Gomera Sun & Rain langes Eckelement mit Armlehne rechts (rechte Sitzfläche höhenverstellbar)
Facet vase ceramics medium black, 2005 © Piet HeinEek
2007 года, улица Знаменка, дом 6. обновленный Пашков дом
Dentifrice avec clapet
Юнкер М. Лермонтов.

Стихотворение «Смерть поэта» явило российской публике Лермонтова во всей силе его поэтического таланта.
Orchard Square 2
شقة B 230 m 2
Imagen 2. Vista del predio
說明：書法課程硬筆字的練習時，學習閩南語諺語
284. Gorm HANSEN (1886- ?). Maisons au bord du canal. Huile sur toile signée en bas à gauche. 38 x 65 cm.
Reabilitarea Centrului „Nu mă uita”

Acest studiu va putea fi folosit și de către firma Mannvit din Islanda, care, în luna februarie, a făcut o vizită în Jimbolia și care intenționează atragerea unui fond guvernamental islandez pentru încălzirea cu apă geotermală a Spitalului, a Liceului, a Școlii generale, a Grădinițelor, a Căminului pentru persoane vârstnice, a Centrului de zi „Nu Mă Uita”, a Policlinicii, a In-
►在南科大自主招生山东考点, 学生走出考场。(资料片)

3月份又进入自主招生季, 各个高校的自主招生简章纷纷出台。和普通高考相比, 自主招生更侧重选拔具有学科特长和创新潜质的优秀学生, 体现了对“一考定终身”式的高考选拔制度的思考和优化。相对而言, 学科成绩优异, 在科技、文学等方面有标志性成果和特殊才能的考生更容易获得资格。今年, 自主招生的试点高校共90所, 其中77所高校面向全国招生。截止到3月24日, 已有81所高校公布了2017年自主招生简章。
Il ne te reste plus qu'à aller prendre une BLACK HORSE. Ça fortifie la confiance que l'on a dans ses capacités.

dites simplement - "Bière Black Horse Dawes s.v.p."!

§ §

**Directions for this task:**
The answer must be the complete set of entries, retyped exactly.

**Answer area:**
Gomera Sun & Rain langes Eckelement mit Armlehne rechts (rechte Sitzfläche höhenverstellbar)
Facet vase ceramics medium black, 2005 © Piet HeinEek
2007 года, улица Знаменка, дом 6. обновленный Пашков дом
Dentifrice avec clapet
Юнкер М. Лермонтов.

Стихотворение «Смерть поэта» явило российской публике Лермонтова во всей силе его поэтического таланта.
Orchard Square 2
شقة B 230 m 2
Imagen 2. Vista del predio
說明：書法課程硬筆字的練習時，學習閩南語諺語
284. Gorm HANSEN (1886- ?). Maisons au bord du canal. Huile sur toile signée en bas à gauche. 38 x 65 cm.
Reabilitarea Centrului „Nu mă uita”

Acest studiu va putea fi folosit și de către firma Mannvit din Islanda, care, în luna februarie, a făcut o vizită în Jimbolia și care intenționează atragerea unui fond guvernamental islandez pentru încălzirea cu apă geotermală a Spitalului, a Liceului, a Școlii generale, a Grădinițelor, a Căminului pentru persoane vârstnice, a Centrului de zi „Nu Mă Uita”, a Policlinicii, a In-
►在南科大自主招生山东考点, 学生走出考场。(资料片)

3月份又进入自主招生季, 各个高校的自主招生简章纷纷出台。和普通高考相比, 自主招生更侧重选拔具有学科特长和创新潜质的优秀学生, 体现了对“一考定终身”式的高考选拔制度的思考和优化。相对而言, 学科成绩优异, 在科技、文学等方面有标志性成果和特殊才能的考生更容易获得资格。今年, 自主招生的试点高校共90所, 其中77所高校面向全国招生。截止到3月24日, 已有81所高校公布了2017年自主招生简章。
Il ne te reste plus qu'à aller prendre une BLACK HORSE. Ça fortifie la confiance que l'on a dans ses capacités.

dites simplement - "Bière Black Horse Dawes s.v.p."!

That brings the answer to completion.